WESTLAKE VILLAGE, Calif., March 10, 2015 (GLOBE NEWSWIRE) -- KYTHERA Biopharmaceuticals, Inc. (Nasdaq:KYTH) today announced the pricing of its underwritten public offering of 2,604,168 shares of its common stock at a price to the public of $48.00 per share, before underwriting discounts and commissions and expenses of the offering, for gross proceeds of approximately $125 million. All of the shares of the common stock sold in the offering were offered by KYTHERA. In addition, KYTHERA granted the underwriters a 30-day option to purchase up to an additional 390,625 shares.
KYTHERA intends to use the substantial majority of the net proceeds of the offering to fund the ongoing development and preparation for potential commercialization of ATX-101, and the balance for working capital and general corporate purposes, including research and development, which may include repayments of outstanding amounts under KYTHERA's credit facility.
The offering is expected to close on March 16, 2015, subject to satisfaction of customary closing conditions.
Goldman, Sachs & Co., BofA Merrill Lynch, and Leerink Partners acted as the joint book-running managers for the offering. Cowen and Company acted as co-manager.
The offering was made only by means of a prospectus and pursuant to a shelf registration statement declared effective by the Securities and Exchange Commission on November 6, 2014. Copies of the prospectus and related prospectus supplement relating to the offering may be obtained, when available, by contacting Goldman, Sachs & Co., Attention: Prospectus Department, 200 West Street, New York, NY 10282, or by telephone at (866) 471-2526 or e-mail at email@example.com; or BofA Merrill Lynch, Attention: Prospectus Department, 222 Broadway, New York, NY10038, or by email at firstname.lastname@example.org; or Leerink Partners, Attention: Syndicate Department, One Federal Street, 37th Floor, Boston, MA 02110, or by phone at (800) 808-7525, ext. 6142, or by email at email@example.com.

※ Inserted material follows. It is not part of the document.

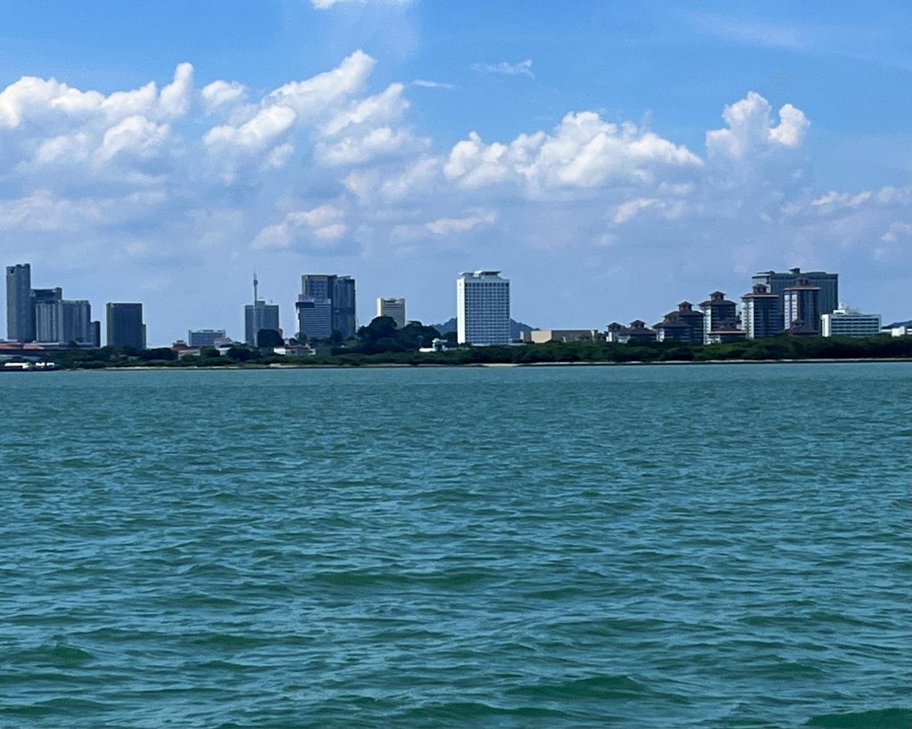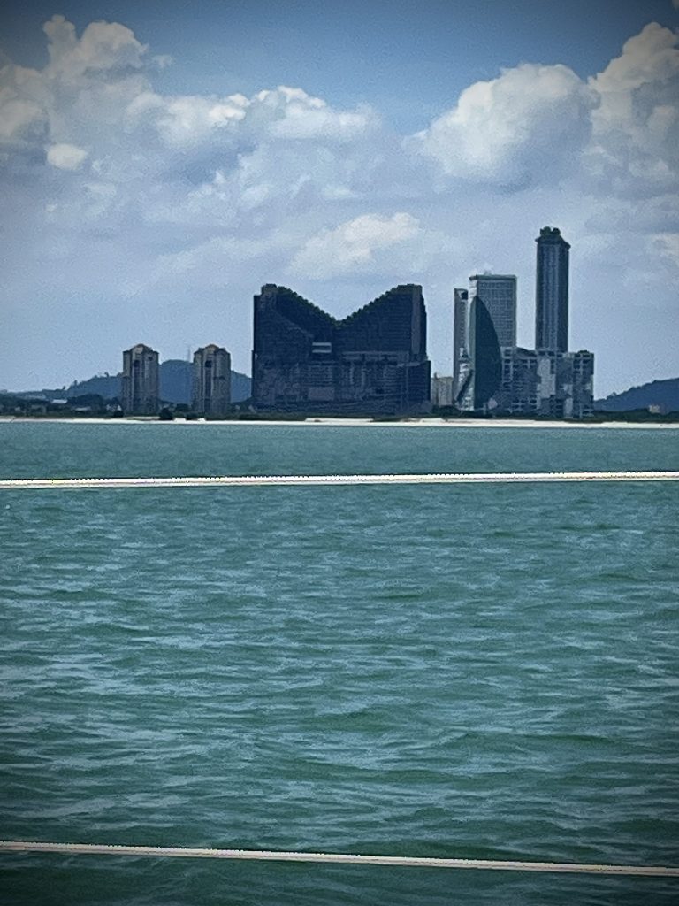Am nächsten Morgen ging es weiter Richtung Malakka. 7 bis 8 Stunden Motor-Segeln mussten absolviert werden. Warum immer mit Motor? Wir haben entweder wenig Wind oder Wind von vorn. Zusätzlich haben wir überwiegend Strömung von bis zu 2,4 Knoten gegen uns, blöd. Also ohne Motor ist da nichts zu machen. Gut, dass wir zwei haben… 😅. Für die Malakka Marina bräuchten wir wieder den ganzen Immigration Wahnsinn und da wir in unseren Kukup Papieren, Port Dickson als nächsten Zielhafen stehen haben, fuhren wir weiter bis zu der kleinen Insel Upeh. Laut unserem aktuellen Southeast Asia Pilot, eine schnuckelige Insel, mit Restaurant, Pool und Wassersport. Über Seglerbesuch freue man sich. Wir uns auch! 😃 Zuvor ein paar Fotoeindrücke von Malakka vom Wasser aus.
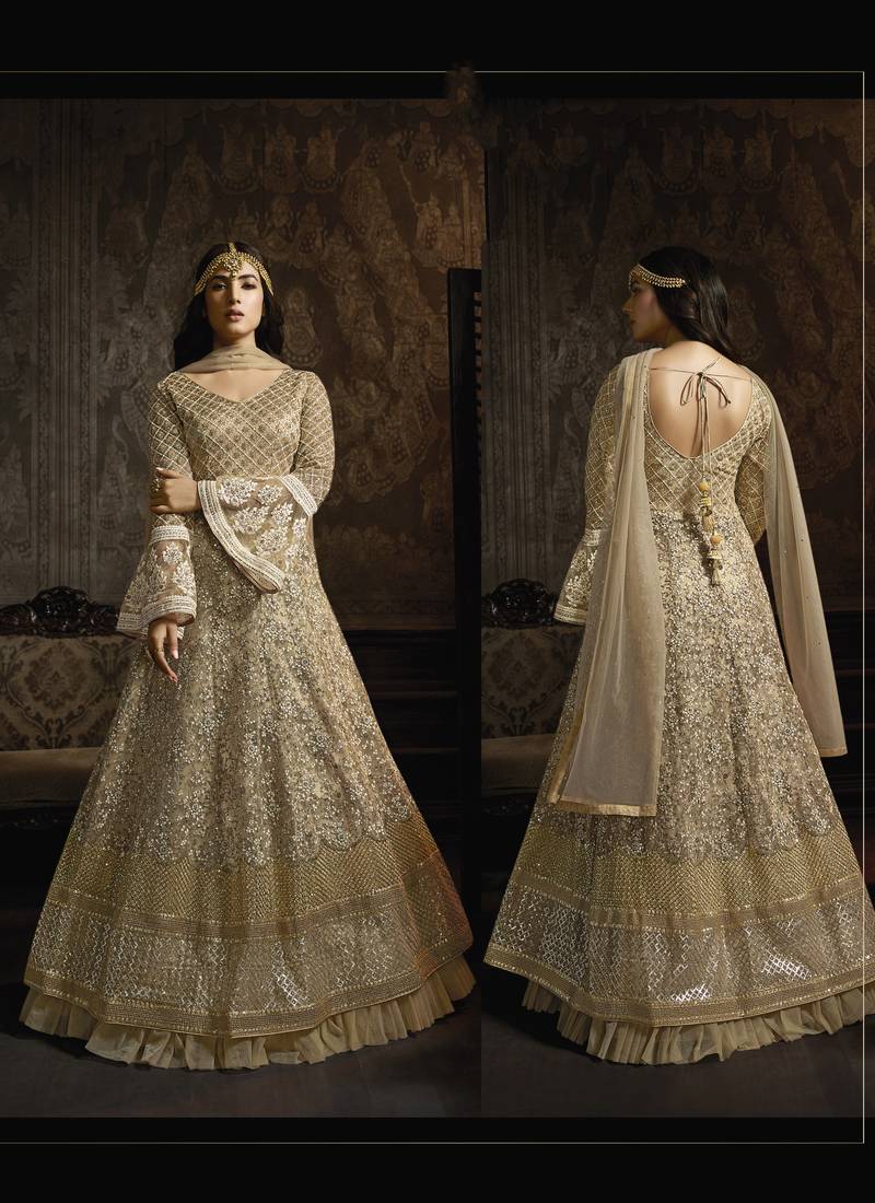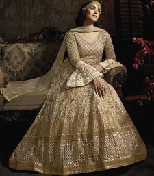 Golden net wedding gown with embroidery, sequins, and crystal work semi stitched

This press release shall not constitute an offer to sell or the solicitation of an offer to buy these securities, nor shall there be any sale of these securities in any state or other jurisdiction in which such offer, solicitation or sale would be unlawful prior to the registration or qualification under the securities laws of any such state or other jurisdiction.
KYTHERA Biopharmaceuticals, Inc. is a clinical-stage biopharmaceutical company focused on the discovery, development and commercialization of novel prescription products for the aesthetic medicine market. KYTHERA's lead product candidate, ATX-101, is currently in late-stage clinical development as an injectable treatment for the improvement of submental fullness, which commonly presents as a double chin, and is a potential first-in-class submental contouring injectable drug. The FDA has determined the NDA will have a Prescription Drug User Fee Act (PDUFA) action date of May 13, 2015. In addition to its lead product candidate ATX-101, KYTHERA also licensed the worldwide rights to setipiprant, an early-stage potential treatment for hair loss. KYTHERA also maintains an active research interest in fat biology, pigmentation modulation and facial contouring.
To the extent that statements contained in this press release are not descriptions of historical facts regarding KYTHERA, they are forward-looking statements reflecting the current beliefs and expectations of management made pursuant to the safe harbor provisions of the Private Securities Litigation Reform Act of 1995. Such forward-looking statements involve substantial risks and uncertainties that could cause our actual results, performance or achievements to differ significantly from those expressed or implied by the forward-looking statements. Such risks and uncertainties include, among others, the timing and size of the offering, the conditions affecting the capital markets, general economic, industry, or political conditions, and the satisfaction of customary closing conditions related to the proposed public offering. KYTHERA undertakes no obligation to update or revise any forward-looking statements. For a further description of the risks and uncertainties that could cause actual results to differ from those expressed in these forward-looking statements, as well as risks relating to the business of the company in general, see the prospectus supplement and accompanying prospectus for this offering included on Form 424(b)(5) as part of the Registration Statement on Form S-3/A filed by KYTHERA on November 6, 2014, as well as KYTHERA 's Annual Report on Form 10-K for the year ended December 31, 2014 and its other reports filed with the Securities and Exchange Commission.